For industries relying on AI technology, from language translation to software development, this means preparing for a world where advanced AI capabilities are more accessible and affordable. Companies must focus on specialized applications and value-added services rather than simply access to AI models. This leads to a commoditization of foundational models: As foundational models become cheaper and more accessible, their value as standalone products diminishes. It's like having a computer operating system: you expect it and take it for granted. It is what you build on top that matters. Competition will shift to specialized applications, data curation, and vertical-specific solutions (e.g., healthcare diagnostics, legal automation). Startups may prioritize domain expertise over model-building, reshaping venture capital strategies.

We are about to see a lot of pressure on incumbents. Anthropic disdained DeepSeek in its blog. CEO Dario Amodei said that he doesn't view China's DeepSeek "themselves as adversaries" but believes that export controls are more critical than ever when it comes to artificial intelligence. That strategy has proven itself short-sighted already. OpenAI’s response (e.g., accelerating releases) reflects the threat of low-cost alternatives. If DeepSeek’s performance holds, incumbents may face margin compression, forcing them to innovate faster or diversify into enterprise services, hardware, or ecosystem tools (e.g., evaluation frameworks).

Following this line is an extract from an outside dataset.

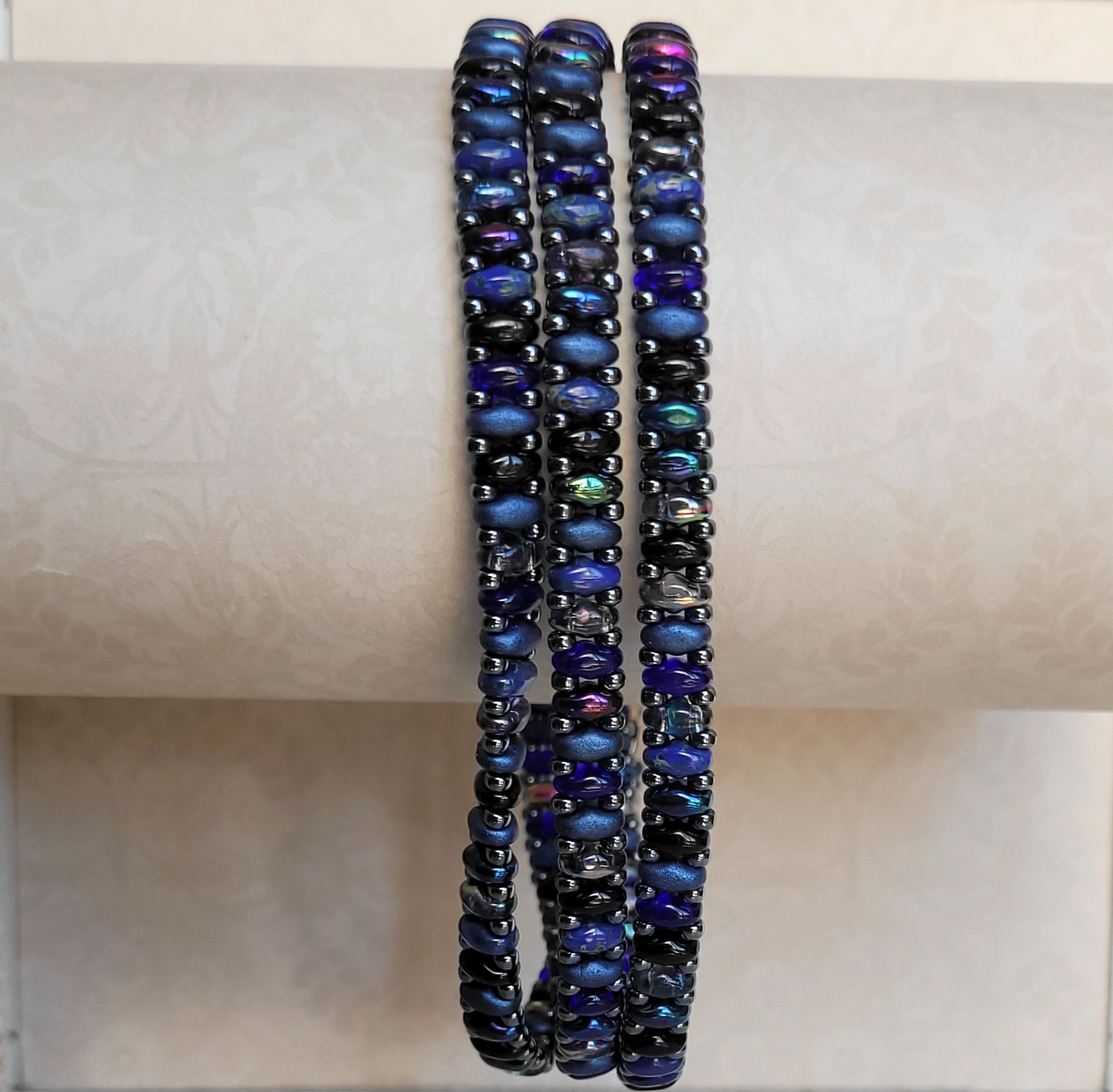 Made with a larger wrist in mind, this wrap bracelet is made of a spectrum of dark blue SuperDuos wiht hematite seed beads. Stirling silver magnetic clasp.

The business models that are going to emerge will be novel and very interesting. The affordability of inference (API calls) and open-source flexibility could spur decentralized AI for community-driven model fine-tuning and federated learning and, above all, “AI-as-a-Utility” (subscription-based services for niche industries) and hybrid architectures (startups combining multiple cost-efficient models (e.g., DeepSeek for reasoning, Mistral for creativity) to optimize performance).

The future of AI development appears more open and democratic than ever before, but also more complex and politically charged. DeepSeek’s success highlights China’s growing role in AI innovation, challenging Western dominance. This will likely intensify U.S.-China tech decoupling as both nations vie for technological supremacy. However, it also presents an opportunity for collaboration in critical areas such as AI safety, where shared goals could foster cooperative efforts despite geopolitical tensions. DeepSeek's achievement is not merely a technical milestone; it signifies a potential realignment of the global technological order, where power dynamics may shift, and new leaders in AI innovation could emerge.

We will also face new bias and security risks as concerns about embedded cultural/political biases in models like R1 (trained on Chinese data) may limit adoption in certain markets. Conversely, developers in authoritarian regimes might exploit open-source models for surveillance or censorship tools. Finally, the same regulatory dilemmas will hold as governments will grapple with balancing innovation incentives (via affordable AI) with risks like misinformation, labor displacement, and ethical misuse. Regions like the EU may tighten oversight of open-source models, while others prioritize rapid deployment.

As we move forward, the key question isn't just who can build the most powerful AI models but who can use them most effectively to solve real-world problems while addressing crucial concerns about ethics, privacy, and social impact. The AI revolution has entered a new phase, just 2 years after the first Chat+LLM models shocked the world with their fluency.